Employee total compensation statements should show employees how much the business is investing in them – not only week by week or month by month, but in comparison to how much was invested in them in the previous year. In this way, employees can see that their total pay and benefits are increasing at a higher rate than they imagined – eliminating potential pay issues and creating a more motivated workforce.

What to Include in an Employee Total Compensation Statement

Has the business had to pay more for employees´ health insurance this year? Have employees received extra paid time off? Has the amount contributed to employee retirement funds increased since last year? Probably all three, but unless businesses make employees aware of these increases, they will remain in the dark. Other items businesses should consider (where applicable) include:

  • Any paid leave for personal time off, sick leave or vacation.
  • Each employer-paid portion of insurance plan premiums should be listed separately.
  • The business´s contribution to a retirement plan, such as a 401(k) or pension.
  • Employee use of a company vehicle and associated costs such as maintenance.
  • The value of any Employee Assistance Program on a per-employee basis.
  • Tuition assistance or training courses paid for by the business.
  • Home office benefits such as Internet use or cell phone service.
  • Per Diem payments when travelling, paid for public transportation and parking.
  • Other benefits such as fitness club memberships, on-site child care, and company-sponsored discounts.

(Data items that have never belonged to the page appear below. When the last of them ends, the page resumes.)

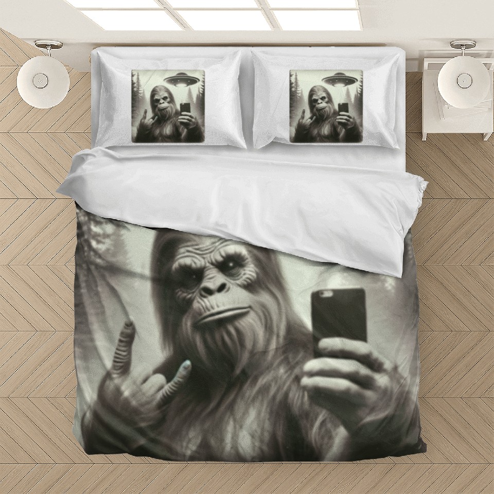 You're looking at the eye-catching product Retro Bigfoot Selfie with UFO Bedding Sets For WHITE belong theme Bedding Sets at Printblur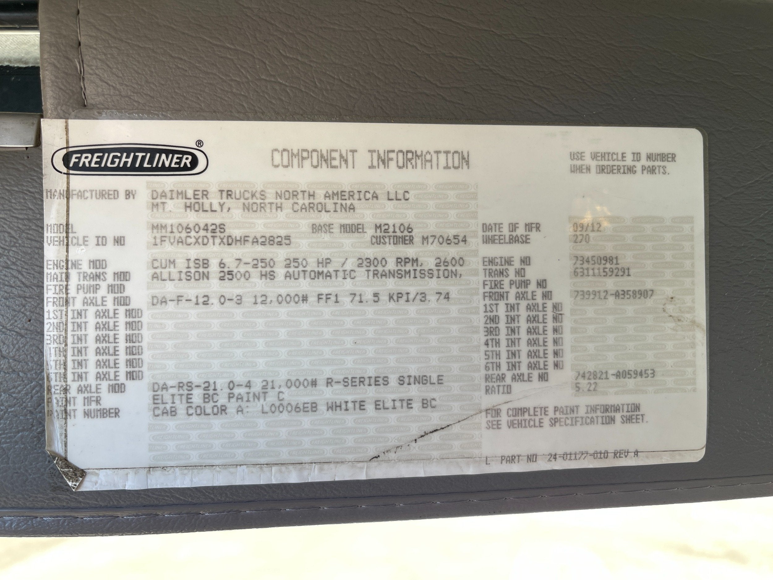 / 6.7L Cummins ISB-250 Turbo Diesel.. (250HP) / Automatic Transmission, / Cloth Drivers Air Seat / Bench Passenger Seat / Cruise Control / Cold AC / AM,FM,CD,AUX Stereo / 26'ft Morgan Dry Box (310" L x 98"W x 104"H) / Aluminum Walls / Wood Floor / Aluminum Roof / Roll Up Rear Door (94"W x 97"H) / Dock Height 49' / 60gal. Aluminum Fuel Tank. / 2,500lbs Tuck-Away Aluminum Liftgate (76" W x 45" D) / GVWR: 26,000lbs, / Front Axle: 10,000lbs, / Rear Axle: 16,000lbs. / 198" Cab to Axle / 270' Wheelbase / Tires: 295/75R22.5.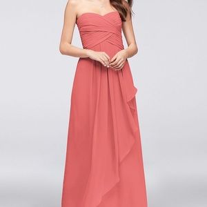 Strapless crinkle chiffon dress with cascade skirt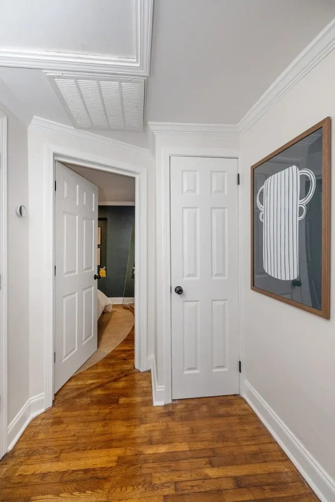 Despite its compact size, the home is full of personality. The ceiling height didn’t stop the interior designer from making bold choices, like a stylish gooseneck lamp in the living room and charming dining chairs that add a playful touch, and bold colors on the wall. Every corner is filled with practical essentials, creating a space that feels both warm and well-prepared for guests.

How businesses present an employee total compensation statement is just as important as the items listed on it. It is okay to surface enhancements in a manner that informs employees of the value of benefits they receive, but not as an attempt to divert focus from a lack of straight pay increases. It can also help the communication of the message if a letter is enclosed detailing how employees can use the benefits being provided for them.

How to Avoid Issues over Compensation Statements

Naturally, employees will compare compensation statements in the same way as they compare paychecks, so it is important that employee total compensation statements are accurate and do not “double count” – for example, counting paid leave on top of salary when the amount received by the employee in pay and benefits does not exceed the base salary.

Other issues where sensitivity is required include advising an employee who uses public transportation that he or she has benefitted from a parking discount, or including health insurance payments for an employee not yet eligible to take advantage of a health insurance plan. As you can see, employers should be careful when presenting this information. While employee total compensation statements have the potential to be useful tools, they also have the potential to have the opposite effect.